* **INSTRUCTIONS TO FOLLOW**: Only the pictures should be left out; repeat the rest of the data exactly.

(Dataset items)

◆ ◆ ◆ ◆ ◆ ◆ ◆

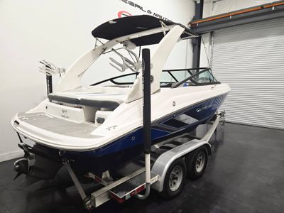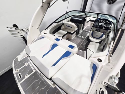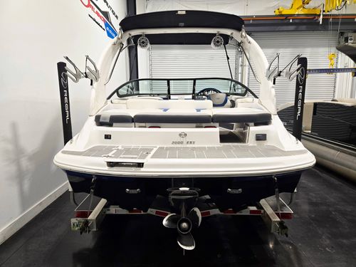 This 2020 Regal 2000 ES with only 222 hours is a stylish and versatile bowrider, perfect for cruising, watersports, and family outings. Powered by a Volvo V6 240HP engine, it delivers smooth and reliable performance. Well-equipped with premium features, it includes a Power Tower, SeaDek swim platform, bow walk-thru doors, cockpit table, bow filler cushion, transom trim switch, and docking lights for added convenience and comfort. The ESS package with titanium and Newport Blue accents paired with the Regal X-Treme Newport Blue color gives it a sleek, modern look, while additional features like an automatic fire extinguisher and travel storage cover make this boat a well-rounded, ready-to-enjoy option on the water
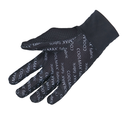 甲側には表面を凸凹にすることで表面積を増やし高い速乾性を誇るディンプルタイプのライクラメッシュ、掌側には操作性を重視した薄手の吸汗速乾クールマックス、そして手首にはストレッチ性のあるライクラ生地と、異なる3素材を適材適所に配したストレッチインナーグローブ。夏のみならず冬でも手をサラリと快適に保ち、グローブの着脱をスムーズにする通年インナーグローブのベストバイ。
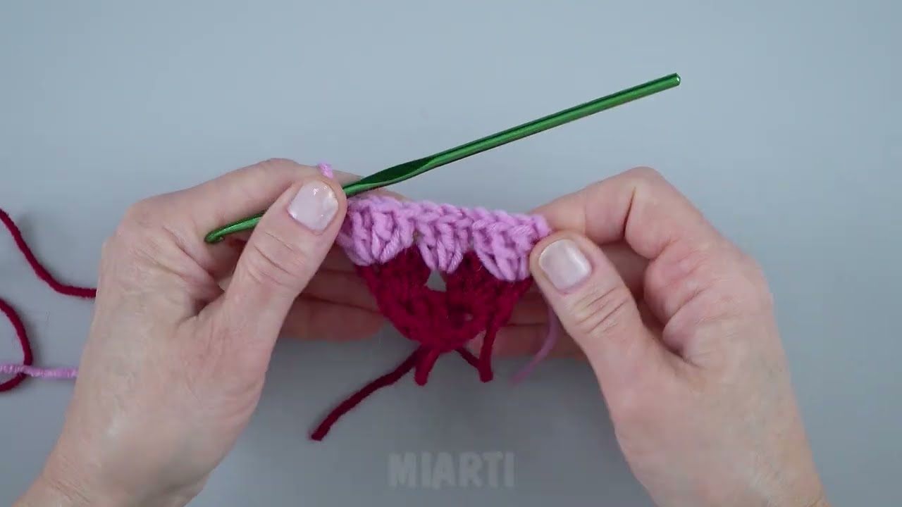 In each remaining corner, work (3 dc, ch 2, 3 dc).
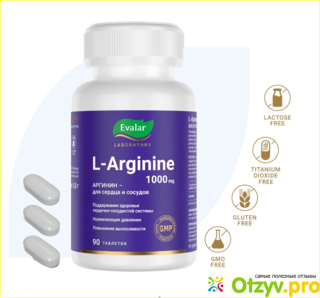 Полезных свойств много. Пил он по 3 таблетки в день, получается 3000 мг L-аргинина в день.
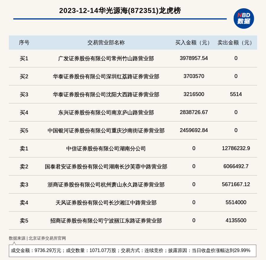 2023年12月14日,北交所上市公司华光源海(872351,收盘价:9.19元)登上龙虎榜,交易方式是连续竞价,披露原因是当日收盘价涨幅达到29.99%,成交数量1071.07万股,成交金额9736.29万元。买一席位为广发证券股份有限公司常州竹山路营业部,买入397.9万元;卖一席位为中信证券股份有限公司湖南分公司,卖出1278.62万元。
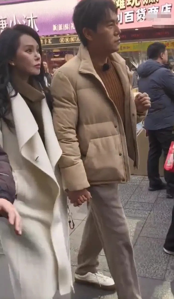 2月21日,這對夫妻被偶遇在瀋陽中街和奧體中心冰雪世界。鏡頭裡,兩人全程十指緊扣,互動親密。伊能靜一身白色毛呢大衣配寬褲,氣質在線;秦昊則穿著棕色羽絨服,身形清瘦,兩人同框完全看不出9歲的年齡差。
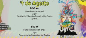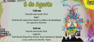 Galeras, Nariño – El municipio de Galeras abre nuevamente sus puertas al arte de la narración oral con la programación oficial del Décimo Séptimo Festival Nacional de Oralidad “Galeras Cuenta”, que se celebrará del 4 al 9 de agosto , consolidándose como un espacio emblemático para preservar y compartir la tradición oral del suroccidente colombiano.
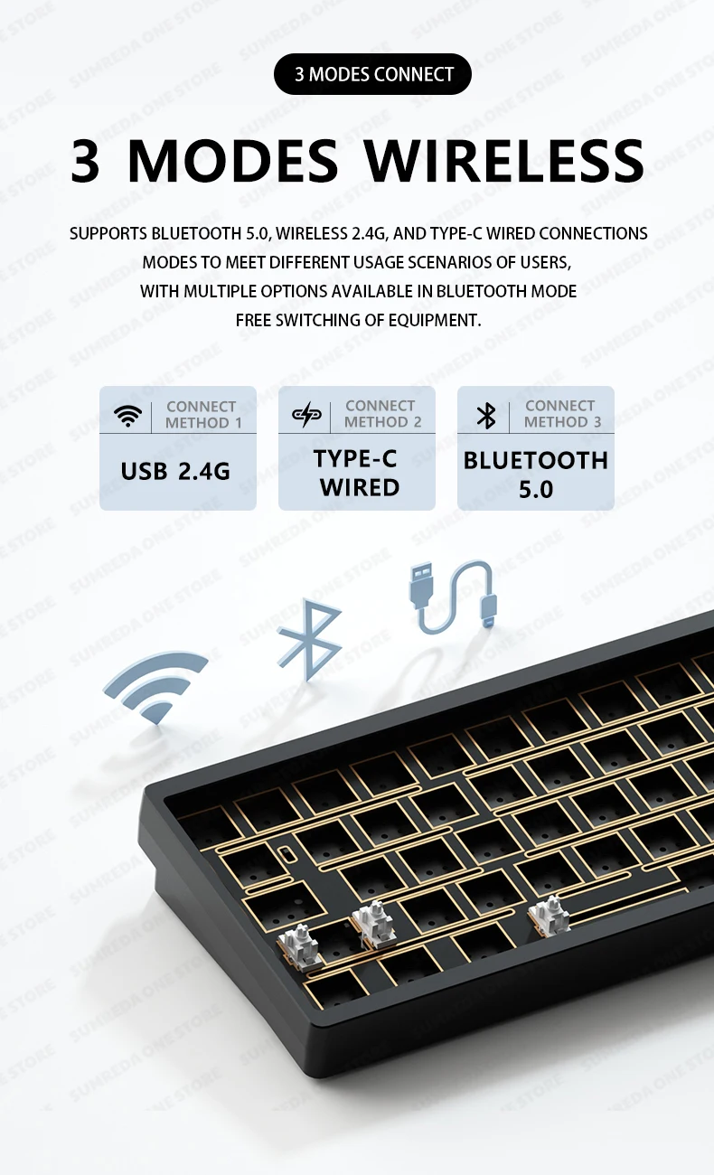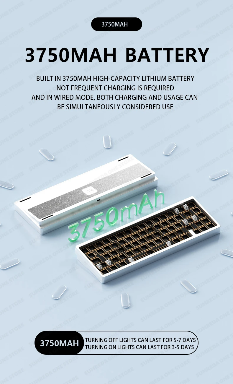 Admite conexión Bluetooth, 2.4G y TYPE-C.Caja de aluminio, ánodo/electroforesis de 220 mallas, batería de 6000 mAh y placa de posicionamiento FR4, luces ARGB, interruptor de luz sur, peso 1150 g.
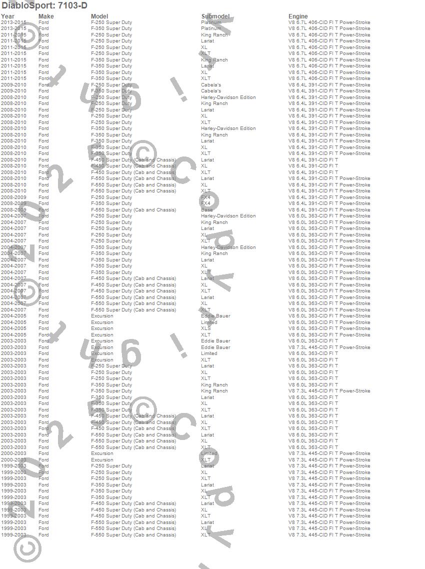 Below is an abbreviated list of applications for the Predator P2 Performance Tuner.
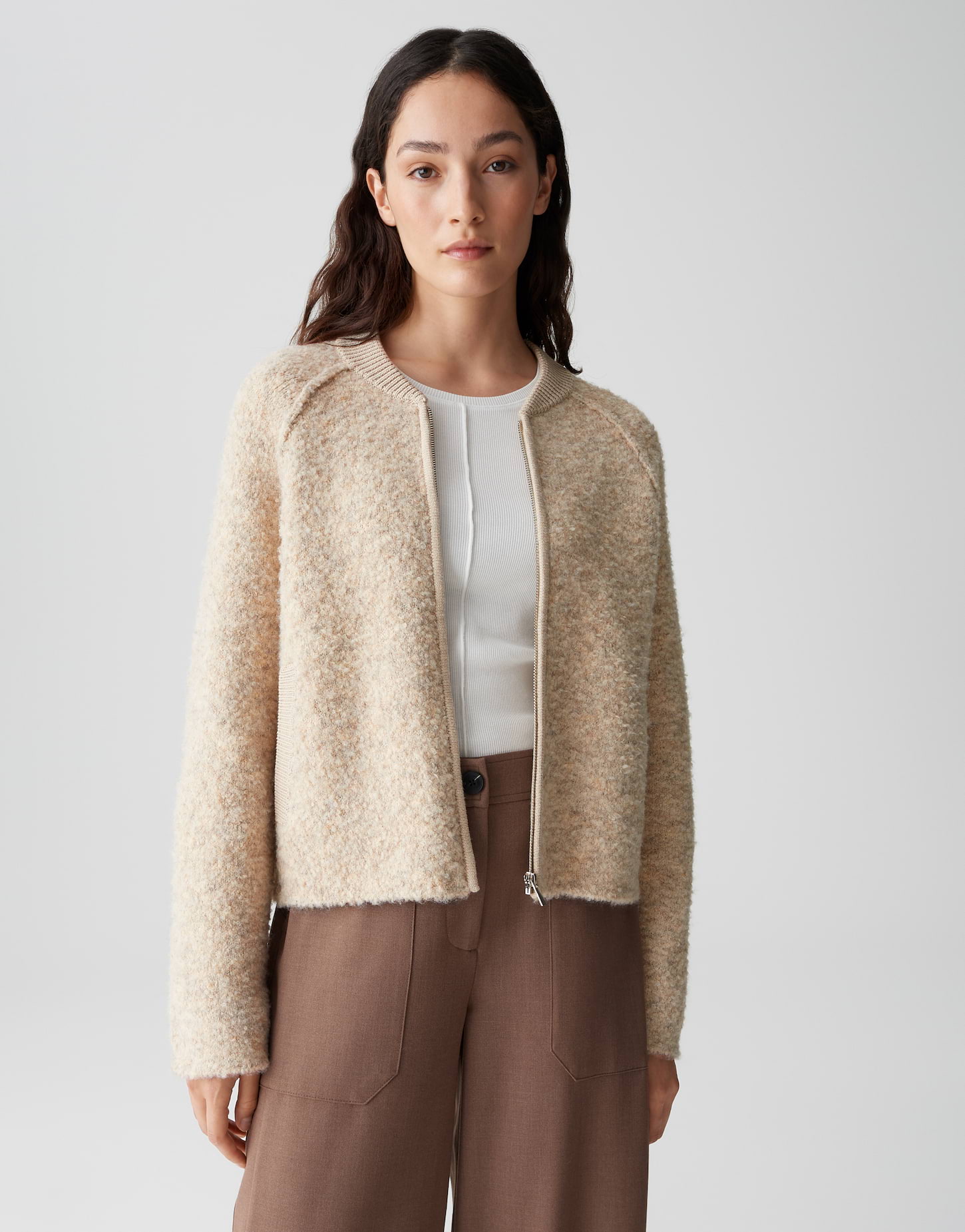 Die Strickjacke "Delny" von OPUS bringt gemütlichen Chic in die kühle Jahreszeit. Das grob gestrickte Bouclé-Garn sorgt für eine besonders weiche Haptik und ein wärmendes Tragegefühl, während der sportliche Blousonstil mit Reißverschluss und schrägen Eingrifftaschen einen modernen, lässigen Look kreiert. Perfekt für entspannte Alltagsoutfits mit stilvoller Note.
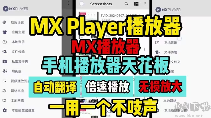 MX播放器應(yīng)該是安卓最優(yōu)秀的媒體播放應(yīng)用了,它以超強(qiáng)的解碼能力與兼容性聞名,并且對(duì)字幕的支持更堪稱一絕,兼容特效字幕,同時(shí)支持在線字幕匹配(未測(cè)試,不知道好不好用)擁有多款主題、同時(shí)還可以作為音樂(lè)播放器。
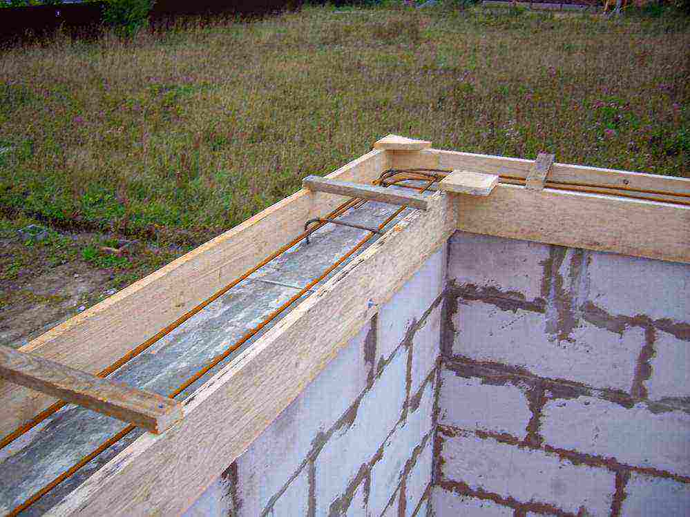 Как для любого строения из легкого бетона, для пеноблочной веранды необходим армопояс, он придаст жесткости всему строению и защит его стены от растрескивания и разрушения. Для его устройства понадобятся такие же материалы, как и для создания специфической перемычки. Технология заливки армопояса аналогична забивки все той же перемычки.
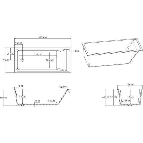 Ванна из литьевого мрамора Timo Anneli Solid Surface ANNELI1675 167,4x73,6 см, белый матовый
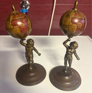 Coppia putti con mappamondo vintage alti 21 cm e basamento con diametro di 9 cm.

◆ ◆ ◆ ◆ ◆ ◆ ◆

* **EXERCISE OUTPUT**:
 This 2020 Regal 2000 ES with only 222 hours is a stylish and versatile bowrider, perfect for cruising, watersports, and family outings. Powered by a Volvo V6 240HP engine, it delivers smooth and reliable performance. Well-equipped with premium features, it includes a Power Tower, SeaDek swim platform, bow walk-thru doors, cockpit table, bow filler cushion, transom trim switch, and docking lights for added convenience and comfort. The ESS package with titanium and Newport Blue accents paired with the Regal X-Treme Newport Blue color gives it a sleek, modern look, while additional features like an automatic fire extinguisher and travel storage cover make this boat a well-rounded, ready-to-enjoy option on the water
 甲側には表面を凸凹にすることで表面積を増やし高い速乾性を誇るディンプルタイプのライクラメッシュ、掌側には操作性を重視した薄手の吸汗速乾クールマックス、そして手首にはストレッチ性のあるライクラ生地と、異なる3素材を適材適所に配したストレッチインナーグローブ。夏のみならず冬でも手をサラリと快適に保ち、グローブの着脱をスムーズにする通年インナーグローブのベストバイ。
 In each remaining corner, work (3 dc, ch 2, 3 dc).
 Полезных свойств много. Пил он по 3 таблетки в день, получается 3000 мг L-аргинина в день.
 2023年12月14日,北交所上市公司华光源海(872351,收盘价:9.19元)登上龙虎榜,交易方式是连续竞价,披露原因是当日收盘价涨幅达到29.99%,成交数量1071.07万股,成交金额9736.29万元。买一席位为广发证券股份有限公司常州竹山路营业部,买入397.9万元;卖一席位为中信证券股份有限公司湖南分公司,卖出1278.62万元。
 2月21日,這對夫妻被偶遇在瀋陽中街和奧體中心冰雪世界。鏡頭裡,兩人全程十指緊扣,互動親密。伊能靜一身白色毛呢大衣配寬褲,氣質在線;秦昊則穿著棕色羽絨服,身形清瘦,兩人同框完全看不出9歲的年齡差。
 Galeras, Nariño – El municipio de Galeras abre nuevamente sus puertas al arte de la narración oral con la programación oficial del Décimo Séptimo Festival Nacional de Oralidad “Galeras Cuenta”, que se celebrará del 4 al 9 de agosto , consolidándose como un espacio emblemático para preservar y compartir la tradición oral del suroccidente colombiano.
 Admite conexión Bluetooth, 2.4G y TYPE-C.Caja de aluminio, ánodo/electroforesis de 220 mallas, batería de 6000 mAh y placa de posicionamiento FR4, luces ARGB, interruptor de luz sur, peso 1150 g.
 Below is an abbreviated list of applications for the Predator P2 Performance Tuner.
 Die Strickjacke "Delny" von OPUS bringt gemütlichen Chic in die kühle Jahreszeit. Das grob gestrickte Bouclé-Garn sorgt für eine besonders weiche Haptik und ein wärmendes Tragegefühl, während der sportliche Blousonstil mit Reißverschluss und schrägen Eingrifftaschen einen modernen, lässigen Look kreiert. Perfekt für entspannte Alltagsoutfits mit stilvoller Note.
 MX播放器應(yīng)該是安卓最優(yōu)秀的媒體播放應(yīng)用了,它以超強(qiáng)的解碼能力與兼容性聞名,并且對(duì)字幕的支持更堪稱一絕,兼容特效字幕,同時(shí)支持在線字幕匹配(未測(cè)試,不知道好不好用)擁有多款主題、同時(shí)還可以作為音樂(lè)播放器。
 Как для любого строения из легкого бетона, для пеноблочной веранды необходим армопояс, он придаст жесткости всему строению и защит его стены от растрескивания и разрушения. Для его устройства понадобятся такие же материалы, как и для создания специфической перемычки. Технология заливки армопояса аналогична забивки все той же перемычки.
 Ванна из литьевого мрамора Timo Anneli Solid Surface ANNELI1675 167,4x73,6 см, белый матовый
 Coppia putti con mappamondo vintage alti 21 cm e basamento con diametro di 9 cm.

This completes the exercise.